In September 2025, Giacino and his team from Spaulding’s Neurorehabilitation Laboratory brought this challenge to Greece’s SB806 class. Over the course of the 14-week semester, the students worked to devise practical ways to support clinicians caring for patients with DoC across the Mass General Brigham (MGB) system.

“Our task was to bridge the gap between evidence and practice,” says Olivia Glass, one of the four SB806 students who conceived and developed NeuroDoC. Glass and her teammates Remy Mosaheb, Favour Ofuokwu, and Emily Reed had no prior knowledge of DoC, Glass says, but after meeting regularly with the Neurorehabilitation Laboratory team, interviewing MGB clinicians, and reviewing the literature, they were able to identify gaps in practice and pinpoint where the providers have experienced the most uncertainty.

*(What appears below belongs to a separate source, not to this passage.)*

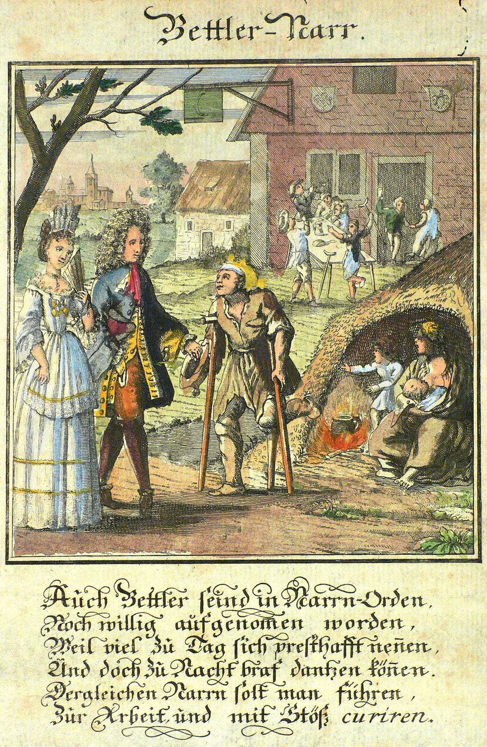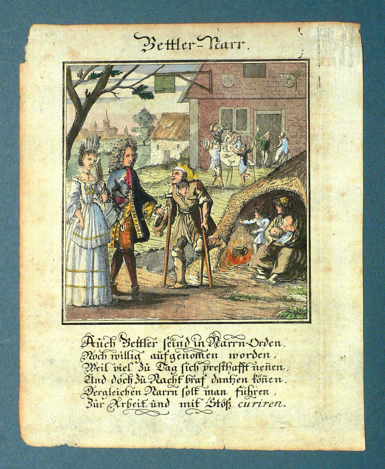 Aus: Abraham a Sancta Clara, Centi-Folium Stultorum In Quarto Oder Hundert Ausbündige Narren, In Folio (Nürnberg / Wien: Weigel / Lercher 1709). – Oberhalb der Darstellung betitelt. Darunter die Verse: ″Auch Bettler seind in Narrn-Orden, / Noch willig aufgenom[m]en worden, / Weil viel zu Tag sich presthafft nen[n]en, / Und doch zu Nacht braf dantzen kön[n]en. / Dergleichen Narrn solt man führen, / Zur Arbeit, und mit Stöß curiren.″ – Die 65 enthaltenen Kupfertafeln des ″Centi- folium stultorum″ sind ursprünglich 1690 für das Werk ″Ein Schock Phantastn in einem Kasten″ von Christoph Weigel gestochen worden. - Mit zwei Blatt Text. – Papier dem Alter entsprechend leicht gebräunt. In den oberen Ecken Reste alter Montierung. Insgesamt noch guter Zustand.

“We started brainstorming ideas to quickly deliver information to clinicians. We know they are busy and don’t have time to sit down and read all the guidelines in depth during their workday,” Glass says. “[Mosaheb] and I had built a chatbot the semester prior and thought it would be an innovative way for clinicians to ensure their care plans aligned with the guidelines.”
Drawing on technical skills Glass and Mosaheb gained in Using Mobile Technologies to Improve Health Outcomes (GH806) the previous semester, the team used Dimagi’s open-source platform Open Chat Studio to design and build NeuroDoC in roughly two weeks.
They presented their final proposal to Giacino and his team in December. The intervention, titled the “Clarity and Consciousness Initiative,” included the NeuroDoC chatbot, an educational video series with sample patient-caregiver narratives, and an updated web platform with additional resources such as interactive simulations for providers to role-play use of the 2018 guidelines.
“I’ve never been prouder of a project I’ve worked on,” says Glass, now a second-year student studying health communication and promotion and health policy and law. “I hope that NeuroDoC equips providers with the confidence to use evidence-based practices to provide high-quality care and reinforces behavior change, not just at MGB but across the states, because these patients should have the chance at recovery.”